I live in Savannah, GA. But since a few weeks ago, my location has been shown as Napa, CA. 

I'm using Boot Camp on a MacBook Pro. macOS on the same machine shows the correct location. Apple Find My App shows the correct location.

Cortana, Bing.com in Edge, Google Earth (x64 application), any IP location website in Edge: Savannah, GA (where I exactly live)

Google (including Google Maps and Goole Earth) in Edge, grocery stores and restaurants' locator in Edge, Weather App, Maps App, New App, automatic time zone: Napa, CA.

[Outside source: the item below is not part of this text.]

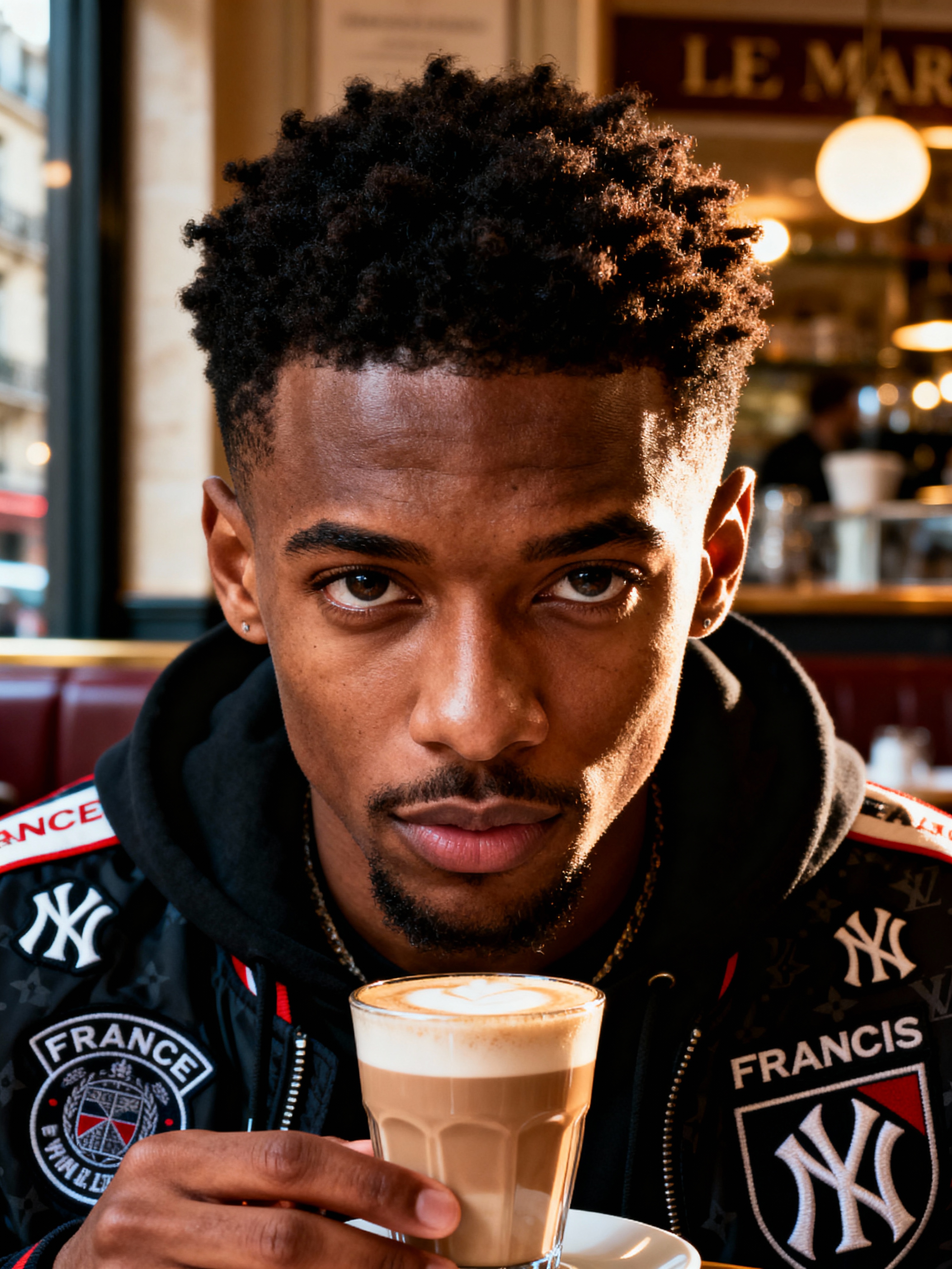 model in a trendy café in Le Marais, wearing streetwear with French brand logos, with a café au lait

The above-mentioned symptoms won't change, no matter I connect to the Internet via Ethernet (Xfinity), or Wi-Fi (Xfinity), or iPhone hotspot (T-Mobile 5G). Therefore, the issue is nothing to do with the ISP.

My system has been updated to the latest. Neither restarting or reinstalling the OS solves this issue.

Basically, you search "where am I" at Google.com and you'll know where the system thinks you are. Now it's shown as Napa, CA in my browser. If I go to Services, turn off and then disable Geolocation Service (not restart), Google still shows I'm in Napa, CA. And then I set Geolocation Service to Automatic or Manual (without starting it), and refresh the "where am I" search result at Google, it shows Pine Garden, GA, which is even more accurate than Savannah, GA as Savannah is a city and Pine Garden is a very small region in the city. And then I immediately refresh the page without doing anything else, it result turns to Napa, CA again.

Some additional information: Location for this device (Settings -> Privacy -> Location) is On, Default Location was set to Savannah, Geolocation Service is Running. No IP proxy or VPN is running.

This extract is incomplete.